# Activity
Below are the records to retype. Keep every character exactly and leave out the pictures.

Records from a data collection:

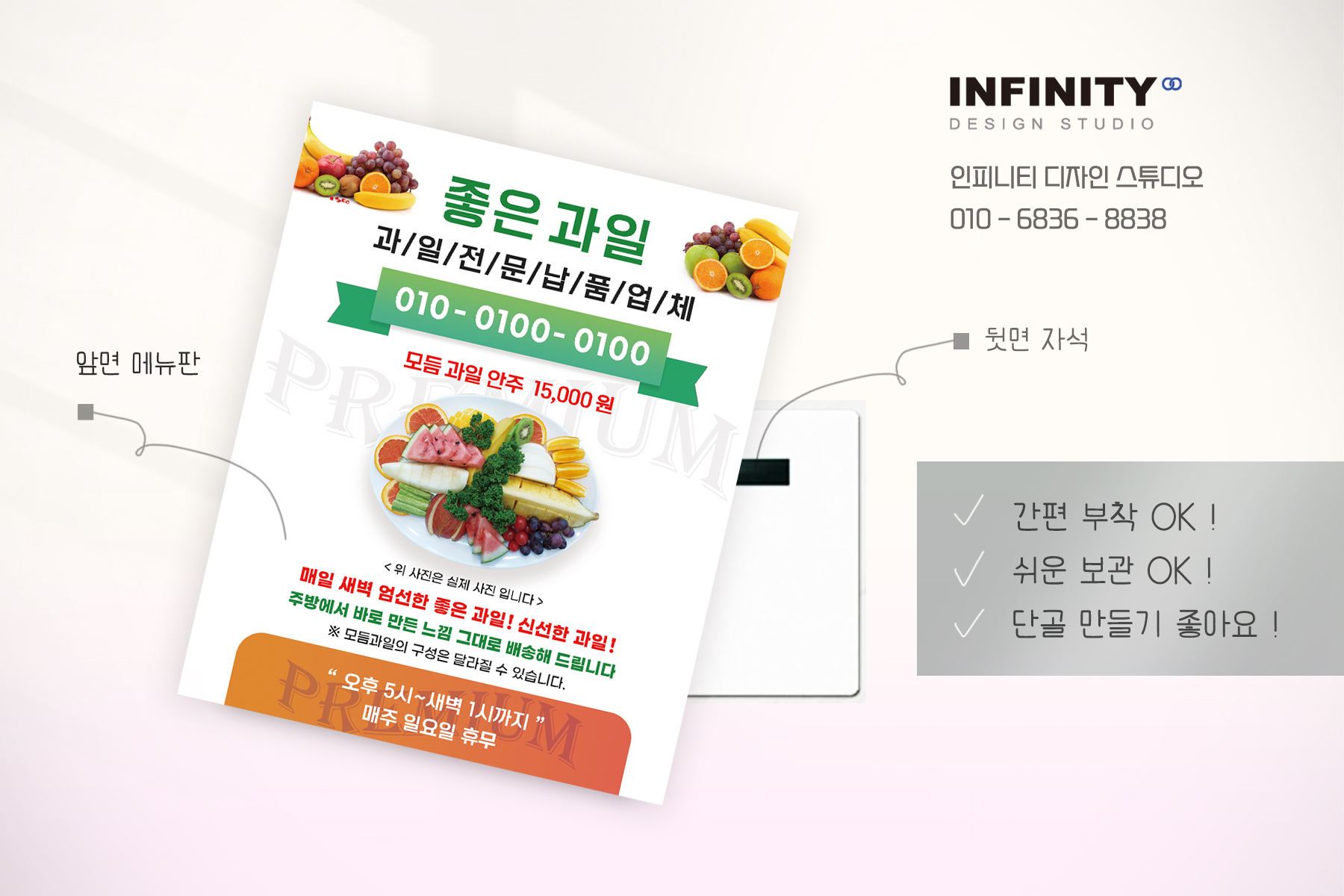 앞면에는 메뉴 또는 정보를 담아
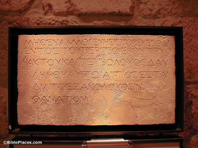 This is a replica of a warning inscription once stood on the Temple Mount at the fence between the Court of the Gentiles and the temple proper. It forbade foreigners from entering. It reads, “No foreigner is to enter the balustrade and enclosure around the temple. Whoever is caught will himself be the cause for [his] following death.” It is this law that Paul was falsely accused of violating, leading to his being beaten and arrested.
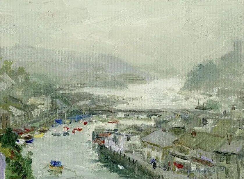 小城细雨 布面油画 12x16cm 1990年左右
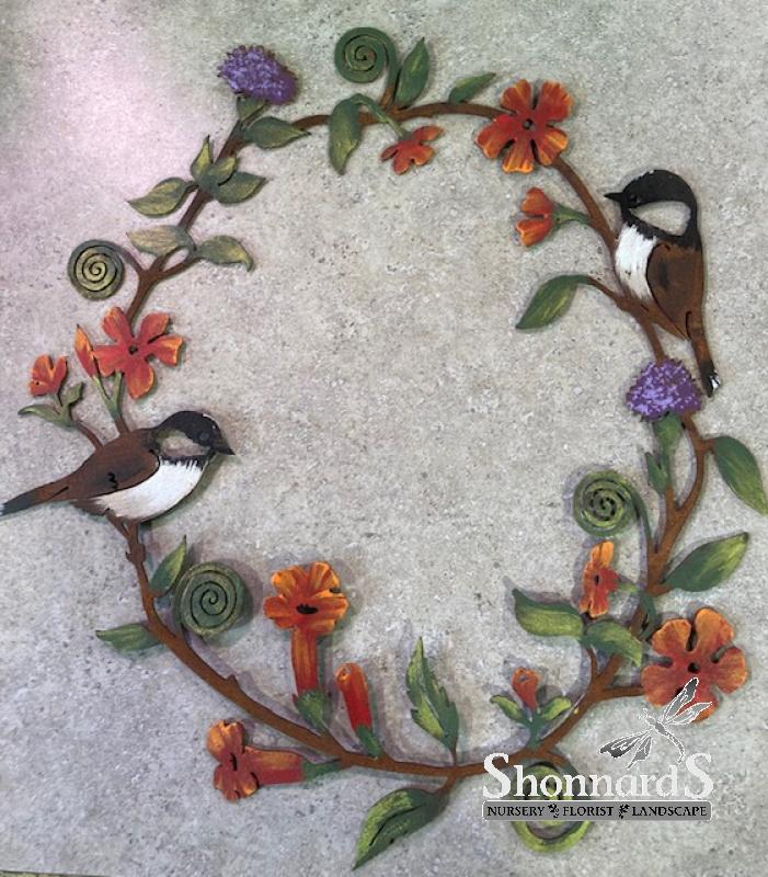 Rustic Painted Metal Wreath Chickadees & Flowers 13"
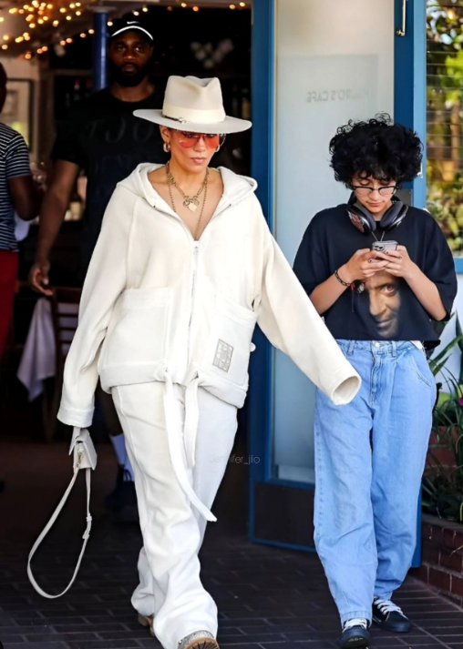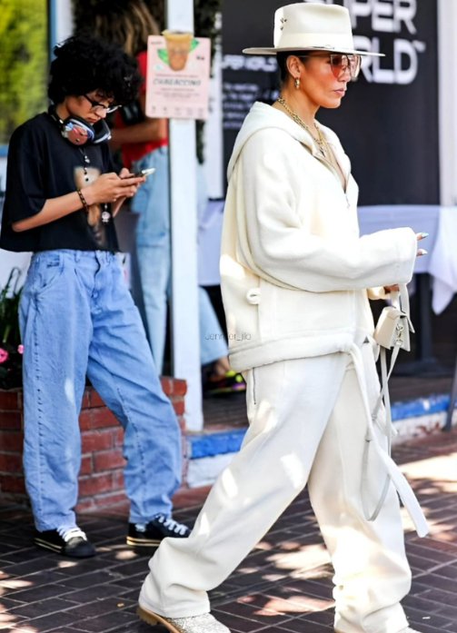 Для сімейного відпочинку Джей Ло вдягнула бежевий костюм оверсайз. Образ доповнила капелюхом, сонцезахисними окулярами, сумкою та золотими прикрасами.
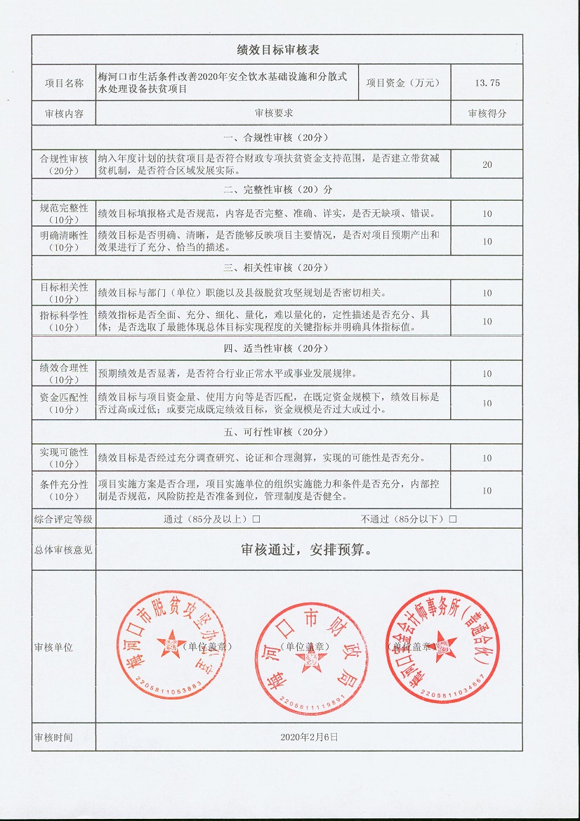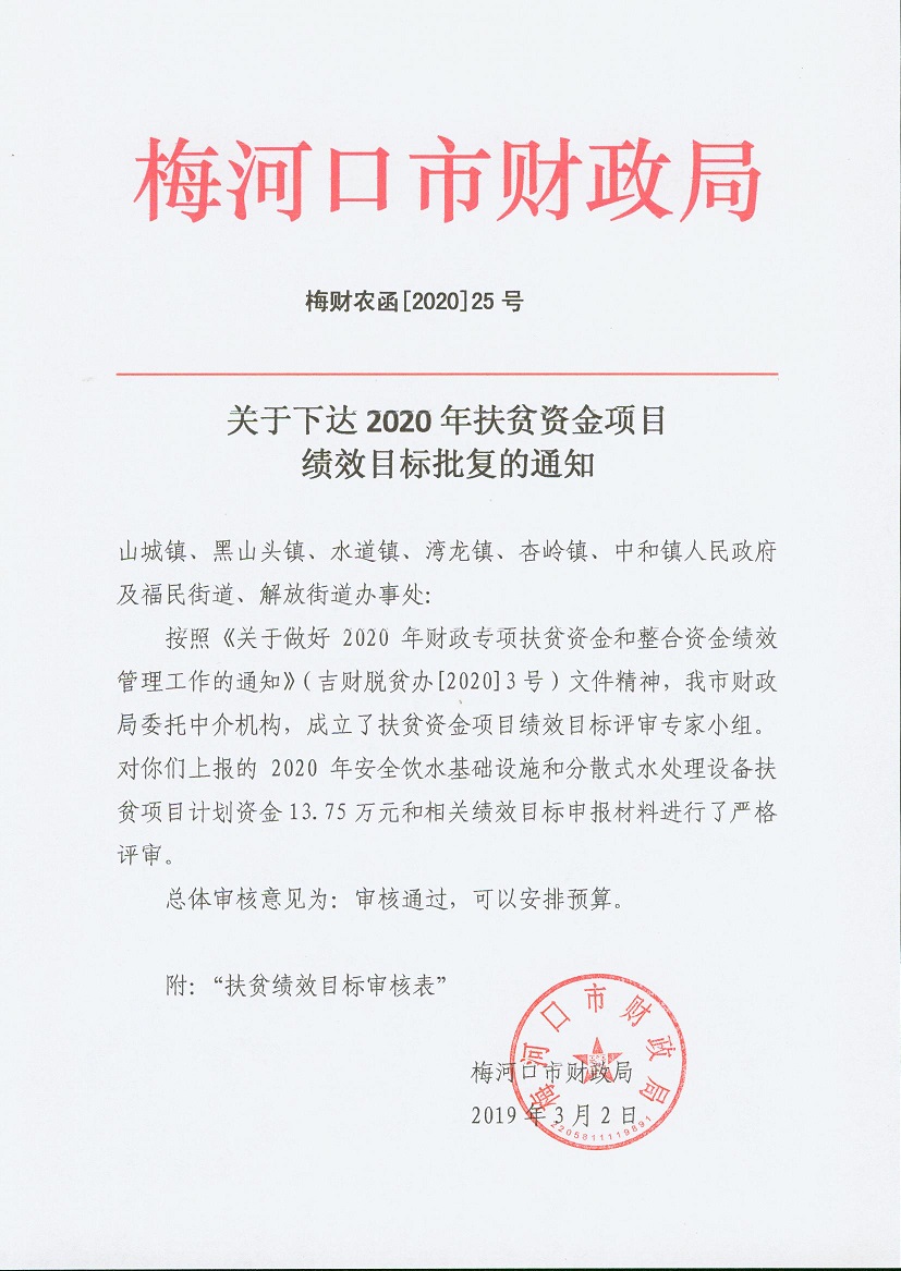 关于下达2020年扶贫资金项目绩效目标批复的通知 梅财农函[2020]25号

# Solution to this exercise
 앞면에는 메뉴 또는 정보를 담아
 This is a replica of a warning inscription once stood on the Temple Mount at the fence between the Court of the Gentiles and the temple proper. It forbade foreigners from entering. It reads, “No foreigner is to enter the balustrade and enclosure around the temple. Whoever is caught will himself be the cause for [his] following death.” It is this law that Paul was falsely accused of violating, leading to his being beaten and arrested.
 小城细雨 布面油画 12x16cm 1990年左右
 Rustic Painted Metal Wreath Chickadees & Flowers 13"
 Для сімейного відпочинку Джей Ло вдягнула бежевий костюм оверсайз. Образ доповнила капелюхом, сонцезахисними окулярами, сумкою та золотими прикрасами.
 关于下达2020年扶贫资金项目绩效目标批复的通知 梅财农函[2020]25号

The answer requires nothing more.